### RECORDS FOR THE EXERCISE
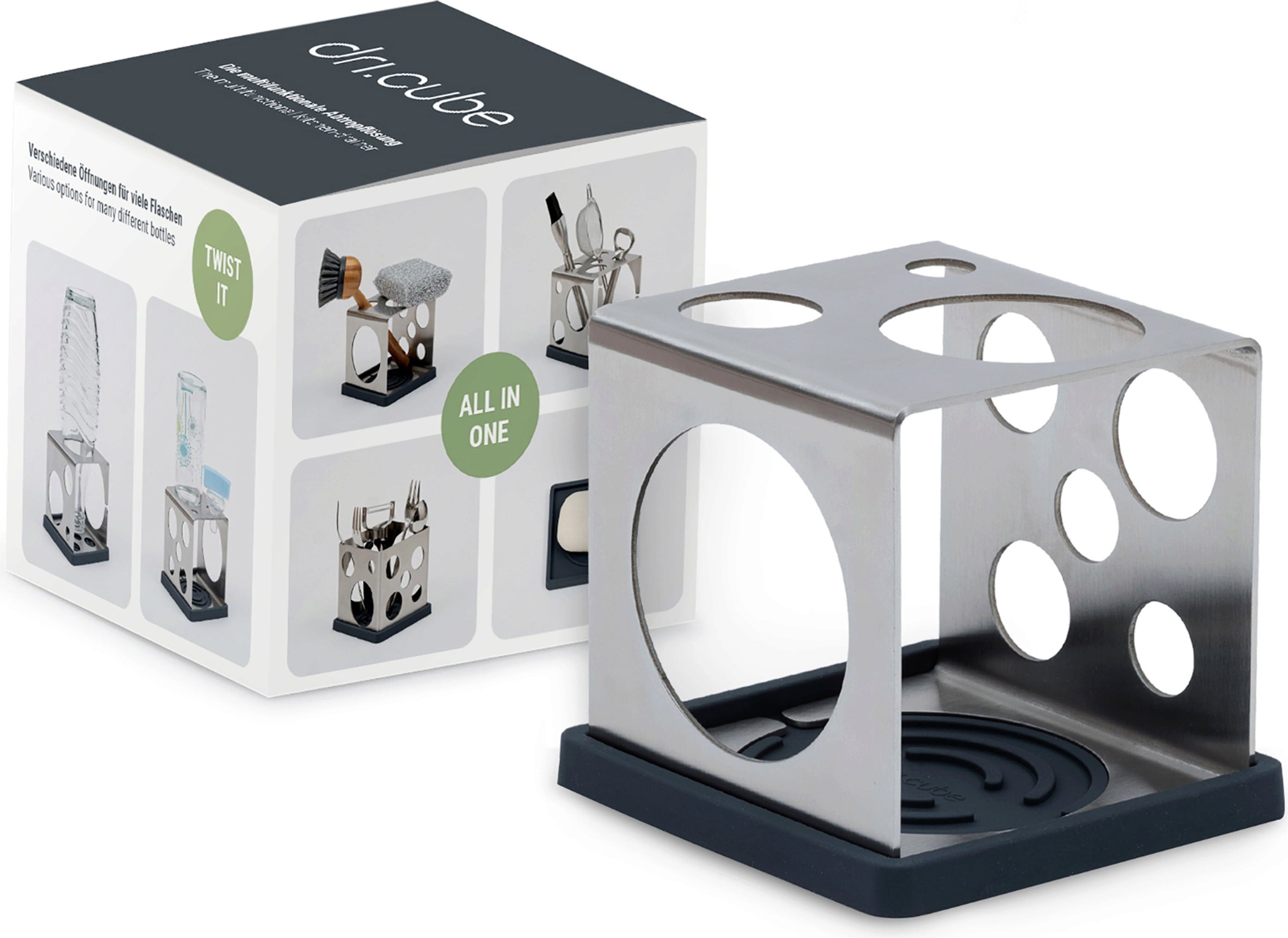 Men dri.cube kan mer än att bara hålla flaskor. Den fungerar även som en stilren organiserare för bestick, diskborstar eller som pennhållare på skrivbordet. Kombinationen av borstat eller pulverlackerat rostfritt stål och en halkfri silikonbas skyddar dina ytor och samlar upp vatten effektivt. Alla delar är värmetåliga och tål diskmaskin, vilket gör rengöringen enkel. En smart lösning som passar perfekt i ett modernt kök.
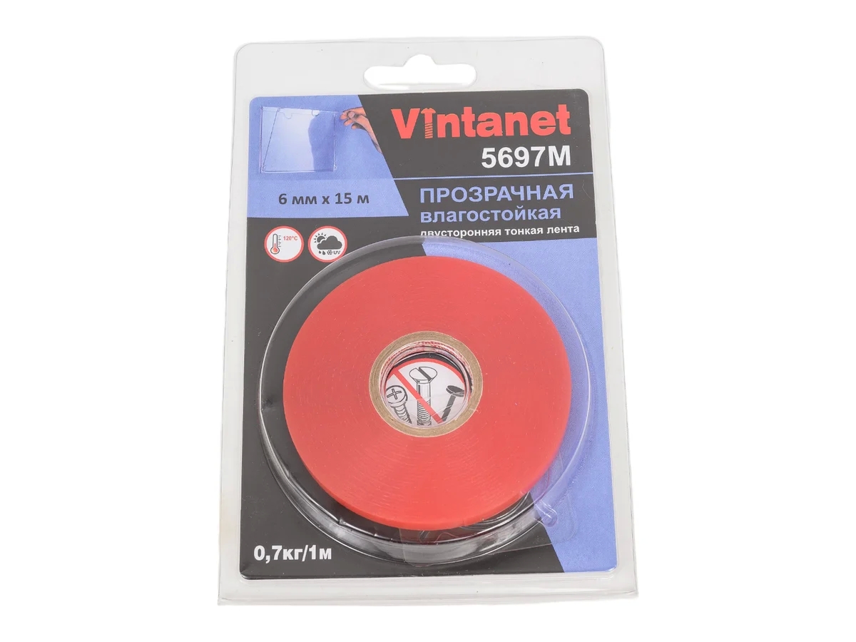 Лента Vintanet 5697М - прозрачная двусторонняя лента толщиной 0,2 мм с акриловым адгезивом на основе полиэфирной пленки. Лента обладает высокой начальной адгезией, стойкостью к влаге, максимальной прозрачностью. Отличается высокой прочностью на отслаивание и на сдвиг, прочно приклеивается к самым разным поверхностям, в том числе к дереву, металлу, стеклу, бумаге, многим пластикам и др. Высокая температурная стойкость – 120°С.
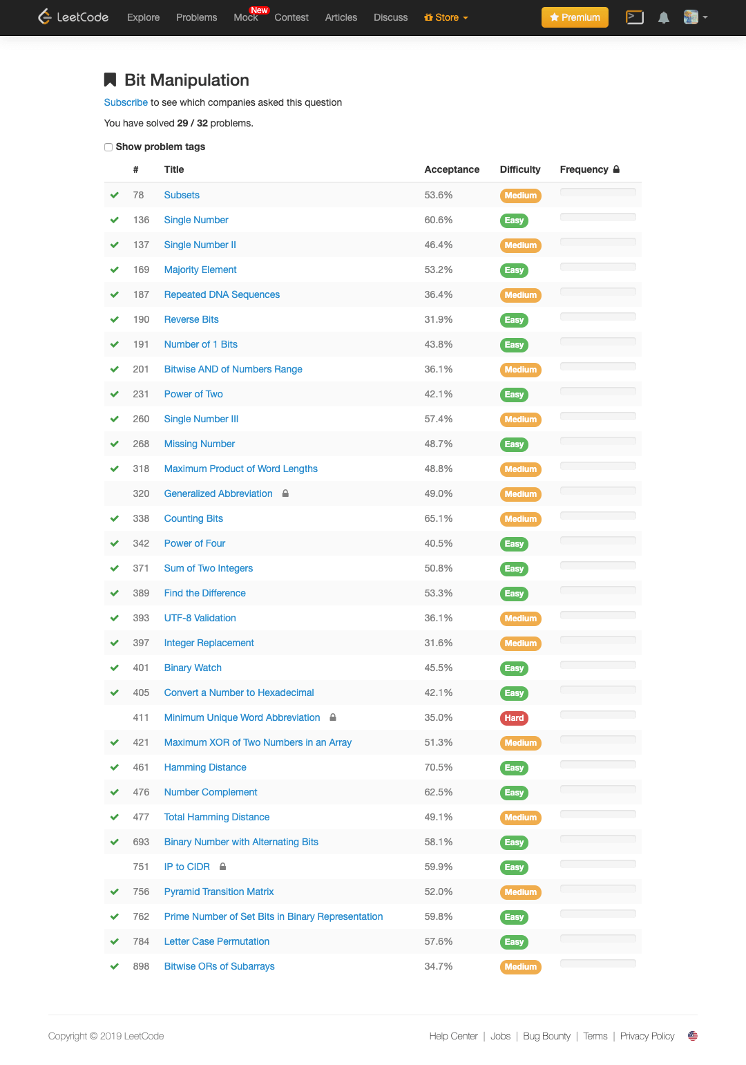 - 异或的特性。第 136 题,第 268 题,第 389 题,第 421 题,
######
### RECORDS FOR THE EXERCISE
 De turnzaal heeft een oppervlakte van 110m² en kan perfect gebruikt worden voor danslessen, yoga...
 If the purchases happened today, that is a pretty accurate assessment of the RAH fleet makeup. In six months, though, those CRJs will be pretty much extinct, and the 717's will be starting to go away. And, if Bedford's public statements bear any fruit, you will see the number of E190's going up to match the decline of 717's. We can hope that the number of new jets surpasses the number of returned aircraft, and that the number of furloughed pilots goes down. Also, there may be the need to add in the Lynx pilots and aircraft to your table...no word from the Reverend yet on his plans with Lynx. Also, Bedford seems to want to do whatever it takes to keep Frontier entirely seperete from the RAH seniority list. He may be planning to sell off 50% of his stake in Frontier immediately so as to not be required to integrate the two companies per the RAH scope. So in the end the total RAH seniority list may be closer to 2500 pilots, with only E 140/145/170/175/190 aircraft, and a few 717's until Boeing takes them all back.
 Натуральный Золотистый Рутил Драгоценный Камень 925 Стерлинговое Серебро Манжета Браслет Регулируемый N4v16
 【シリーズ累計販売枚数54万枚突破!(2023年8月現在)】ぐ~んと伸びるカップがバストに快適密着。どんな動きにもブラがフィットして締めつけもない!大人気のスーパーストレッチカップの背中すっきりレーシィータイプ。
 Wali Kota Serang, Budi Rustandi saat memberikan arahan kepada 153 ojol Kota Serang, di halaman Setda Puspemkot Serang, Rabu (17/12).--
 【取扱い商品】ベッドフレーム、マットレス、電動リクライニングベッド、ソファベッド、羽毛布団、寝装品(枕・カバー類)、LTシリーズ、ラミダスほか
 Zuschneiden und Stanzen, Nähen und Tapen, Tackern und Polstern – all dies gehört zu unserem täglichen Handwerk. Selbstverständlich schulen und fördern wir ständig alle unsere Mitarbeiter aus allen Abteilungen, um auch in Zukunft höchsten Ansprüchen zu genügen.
######
From the records above, output only the lines starting at the one containing "Лента Vintanet 5697М" and ending at the one containing "- 异或的特性。第 136", word for word. Pictures stay out.

 Лента Vintanet 5697М - прозрачная двусторонняя лента толщиной 0,2 мм с акриловым адгезивом на основе полиэфирной пленки. Лента обладает высокой начальной адгезией, стойкостью к влаге, максимальной прозрачностью. Отличается высокой прочностью на отслаивание и на сдвиг, прочно приклеивается к самым разным поверхностям, в том числе к дереву, металлу, стеклу, бумаге, многим пластикам и др. Высокая температурная стойкость – 120°С.
 - 异或的特性。第 136 题,第 268 题,第 389 题,第 421 题,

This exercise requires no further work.